I was born in a corner of central London that wraps itself around a great grey-green greasy stretch of water called the Regent’s Canal. It was and is known as Little Venice.

As anyone familiar with Little Venice will know, this defines me inescapably as middle-class. Not just slightly middle-class, but staggeringly, swelteringly, stratospherically middle-class, as middle as you can get. And not just by the broad American definition (average income) either, but by the specific British definitions which are harder to pin down, but which seem to be about attitudes and upbringing, culture and prejudices.

But there are many kinds of middle class, even in the UK, and I hope this book will strike a chord with all of them. From the first-generation middle classes who followed the entrepreneurial path set out by Margaret Thatcher right through to the crustiest scion of the landed gentry. From the brand-new estate outside Bishop’s Stortford to the tumbledown off-grid eco-cottage outside Totnes. I mention Little Venice because anyone reading this book deserves to know about the niche in the class system I am writing from, but I am only too aware that there is more than one way of being middle-class.

In my case, I am also middle-class because my parents are. Both my grandfathers were in the services, one rising to be a colonel in the army and the other to be a captain in the navy. Their service pensions and various modest pots of inherited money and property gave them relatively comfortable retirements. I owe my grandparents a great deal for their resources of love and care, but also perhaps for placing me so unambiguously in such a recognizable spot in the class system.

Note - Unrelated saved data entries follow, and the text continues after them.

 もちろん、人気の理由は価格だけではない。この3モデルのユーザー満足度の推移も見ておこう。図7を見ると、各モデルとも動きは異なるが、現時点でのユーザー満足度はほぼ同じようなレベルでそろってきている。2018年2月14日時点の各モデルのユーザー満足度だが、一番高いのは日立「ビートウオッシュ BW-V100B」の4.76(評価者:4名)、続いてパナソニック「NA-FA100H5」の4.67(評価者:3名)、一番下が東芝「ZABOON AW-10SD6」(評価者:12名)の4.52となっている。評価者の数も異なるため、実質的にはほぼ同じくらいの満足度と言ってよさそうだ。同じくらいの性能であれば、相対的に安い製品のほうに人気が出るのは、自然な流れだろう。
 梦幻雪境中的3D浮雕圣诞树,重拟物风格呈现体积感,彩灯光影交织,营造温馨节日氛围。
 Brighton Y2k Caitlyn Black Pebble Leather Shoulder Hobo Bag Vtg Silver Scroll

Neither set of grandparents approved very much when my newly married parents moved into a run-down rented flat in Little Venice, which was not in those days quite what it has become. The canal stank of drowned cats, and was divided from the road by a tall brick wall, like a scene from Love on the Dole. All those coloured barges sheltering artists and musicians (and later Richard Branson) were still a decade away.

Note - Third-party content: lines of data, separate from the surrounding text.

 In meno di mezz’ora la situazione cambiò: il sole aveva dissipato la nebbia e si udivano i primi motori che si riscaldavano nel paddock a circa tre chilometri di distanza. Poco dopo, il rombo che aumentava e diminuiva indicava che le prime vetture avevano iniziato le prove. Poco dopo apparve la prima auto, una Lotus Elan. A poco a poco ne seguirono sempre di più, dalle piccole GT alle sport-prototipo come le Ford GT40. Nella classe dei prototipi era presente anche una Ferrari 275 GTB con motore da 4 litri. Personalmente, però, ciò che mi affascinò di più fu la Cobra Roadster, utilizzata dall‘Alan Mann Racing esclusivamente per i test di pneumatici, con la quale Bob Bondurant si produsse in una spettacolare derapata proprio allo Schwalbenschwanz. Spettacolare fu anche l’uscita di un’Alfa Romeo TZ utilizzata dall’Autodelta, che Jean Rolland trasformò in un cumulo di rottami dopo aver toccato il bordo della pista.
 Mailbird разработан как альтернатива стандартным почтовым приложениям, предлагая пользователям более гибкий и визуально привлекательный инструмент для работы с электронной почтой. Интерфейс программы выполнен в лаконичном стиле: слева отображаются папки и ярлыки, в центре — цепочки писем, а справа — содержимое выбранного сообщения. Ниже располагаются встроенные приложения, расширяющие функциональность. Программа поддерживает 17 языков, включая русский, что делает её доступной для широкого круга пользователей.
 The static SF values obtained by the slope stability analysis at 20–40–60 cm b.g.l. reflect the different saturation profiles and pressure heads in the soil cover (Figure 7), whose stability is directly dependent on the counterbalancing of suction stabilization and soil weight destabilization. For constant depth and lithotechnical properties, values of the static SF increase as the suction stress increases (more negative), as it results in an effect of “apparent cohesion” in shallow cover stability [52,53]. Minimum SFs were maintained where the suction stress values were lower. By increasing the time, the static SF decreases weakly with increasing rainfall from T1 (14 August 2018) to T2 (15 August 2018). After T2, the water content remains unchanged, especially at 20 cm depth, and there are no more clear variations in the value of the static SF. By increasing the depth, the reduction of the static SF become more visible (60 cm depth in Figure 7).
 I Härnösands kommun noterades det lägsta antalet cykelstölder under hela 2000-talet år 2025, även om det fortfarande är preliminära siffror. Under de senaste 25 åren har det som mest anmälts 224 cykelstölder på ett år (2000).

The flat was in the least respectable half of Randolph Avenue, bending down towards the canal, with peeling white stucco columns and flaking black front doors which looked like the portals of some medieval fortress. But the family disapproval also touched the street’s reputation. Only ten years before, this end of the thoroughfare had sported the name ‘Portland Road’, which had been such a notorious red-light district that the council decided to change it.

Downstairs from our flat was a fearsome Alf Garnett figure, string-vested and with a fluent and foul-mouthed command of the language, who would hammer on the ceiling at the slightest provocation. My uncle had a heavier tread than most (submariners tend to be larger than the rest of us), and he could set off the hammering and oaths just by walking across the room.

We moved closer to the canal, to another rented flat, when I was only about three, and we left Randolph Avenue behind. I never lived there again, though I have wandered down the street many times, and watched the slow transformation of the red-light district, first into respectability, and then into luxury. I ran into a couple at a dinner party a few years ago who lived in a tiny flat at the very top of the very building where I started out. They told me that our flat – which had so shocked my grandparents’ families – was now inhabited by the head of Benetton Europe. It had become, through the strange metamorphosis of gentrification, a fitting home for the new class of ultra-rich.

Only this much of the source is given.